DATA RECORDS:

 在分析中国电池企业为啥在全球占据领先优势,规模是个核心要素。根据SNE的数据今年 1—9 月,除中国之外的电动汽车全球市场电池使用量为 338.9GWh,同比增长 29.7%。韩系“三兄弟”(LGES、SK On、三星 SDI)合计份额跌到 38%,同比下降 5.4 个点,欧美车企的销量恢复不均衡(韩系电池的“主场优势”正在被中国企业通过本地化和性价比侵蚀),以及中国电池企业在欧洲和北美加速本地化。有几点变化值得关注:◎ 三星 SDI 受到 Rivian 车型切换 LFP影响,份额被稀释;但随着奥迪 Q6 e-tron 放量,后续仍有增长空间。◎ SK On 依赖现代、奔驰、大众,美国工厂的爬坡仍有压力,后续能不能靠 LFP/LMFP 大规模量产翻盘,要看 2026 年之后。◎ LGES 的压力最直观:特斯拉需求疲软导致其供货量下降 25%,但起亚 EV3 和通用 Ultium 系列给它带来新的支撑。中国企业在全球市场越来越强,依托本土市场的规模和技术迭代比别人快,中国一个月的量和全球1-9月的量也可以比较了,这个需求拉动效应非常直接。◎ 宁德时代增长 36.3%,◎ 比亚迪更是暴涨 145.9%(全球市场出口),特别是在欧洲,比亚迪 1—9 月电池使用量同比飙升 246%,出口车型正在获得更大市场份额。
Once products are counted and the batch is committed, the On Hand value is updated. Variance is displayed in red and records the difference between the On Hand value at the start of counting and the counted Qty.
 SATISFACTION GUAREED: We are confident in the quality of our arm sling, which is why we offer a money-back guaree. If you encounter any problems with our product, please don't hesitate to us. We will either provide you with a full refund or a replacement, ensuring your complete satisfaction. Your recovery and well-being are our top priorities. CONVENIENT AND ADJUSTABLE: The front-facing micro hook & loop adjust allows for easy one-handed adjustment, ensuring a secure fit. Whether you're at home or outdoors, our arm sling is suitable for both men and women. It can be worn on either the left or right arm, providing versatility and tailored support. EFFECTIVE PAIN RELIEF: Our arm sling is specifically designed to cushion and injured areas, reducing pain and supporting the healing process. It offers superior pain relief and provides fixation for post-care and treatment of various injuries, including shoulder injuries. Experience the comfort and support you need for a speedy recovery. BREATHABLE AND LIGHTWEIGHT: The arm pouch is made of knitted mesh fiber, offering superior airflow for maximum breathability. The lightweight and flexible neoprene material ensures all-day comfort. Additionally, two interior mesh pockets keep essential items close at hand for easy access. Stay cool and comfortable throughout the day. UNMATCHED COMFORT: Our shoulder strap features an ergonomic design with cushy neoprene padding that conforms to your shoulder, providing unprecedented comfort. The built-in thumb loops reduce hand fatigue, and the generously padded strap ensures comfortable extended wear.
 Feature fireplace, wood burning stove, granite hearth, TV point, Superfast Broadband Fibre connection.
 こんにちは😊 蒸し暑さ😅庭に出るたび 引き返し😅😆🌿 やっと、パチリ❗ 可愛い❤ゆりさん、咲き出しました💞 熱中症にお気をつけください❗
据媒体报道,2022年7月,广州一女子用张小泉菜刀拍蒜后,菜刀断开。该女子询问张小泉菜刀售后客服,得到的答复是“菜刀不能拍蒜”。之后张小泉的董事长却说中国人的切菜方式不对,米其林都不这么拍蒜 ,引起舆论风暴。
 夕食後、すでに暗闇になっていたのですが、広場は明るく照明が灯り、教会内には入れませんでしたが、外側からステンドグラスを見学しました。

==

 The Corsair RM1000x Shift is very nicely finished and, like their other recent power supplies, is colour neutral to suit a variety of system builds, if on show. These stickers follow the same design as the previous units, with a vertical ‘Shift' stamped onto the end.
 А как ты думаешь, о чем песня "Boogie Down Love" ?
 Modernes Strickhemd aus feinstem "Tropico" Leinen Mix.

INSTRUCTIONS TO FOLLOW:
Among the entries above, the lines between the ones containing "Feature fireplace, wood" and "夕食後、すでに暗闇になってい", inclusive, are to be transcribed exactly. No other line is to be given.

RESPONSE FOR THIS EXERCISE:
 Feature fireplace, wood burning stove, granite hearth, TV point, Superfast Broadband Fibre connection.
 こんにちは😊 蒸し暑さ😅庭に出るたび 引き返し😅😆🌿 やっと、パチリ❗ 可愛い❤ゆりさん、咲き出しました💞 熱中症にお気をつけください❗
据媒体报道,2022年7月,广州一女子用张小泉菜刀拍蒜后,菜刀断开。该女子询问张小泉菜刀售后客服,得到的答复是“菜刀不能拍蒜”。之后张小泉的董事长却说中国人的切菜方式不对,米其林都不这么拍蒜 ,引起舆论风暴。
 夕食後、すでに暗闇になっていたのですが、広場は明るく照明が灯り、教会内には入れませんでしたが、外側からステンドグラスを見学しました。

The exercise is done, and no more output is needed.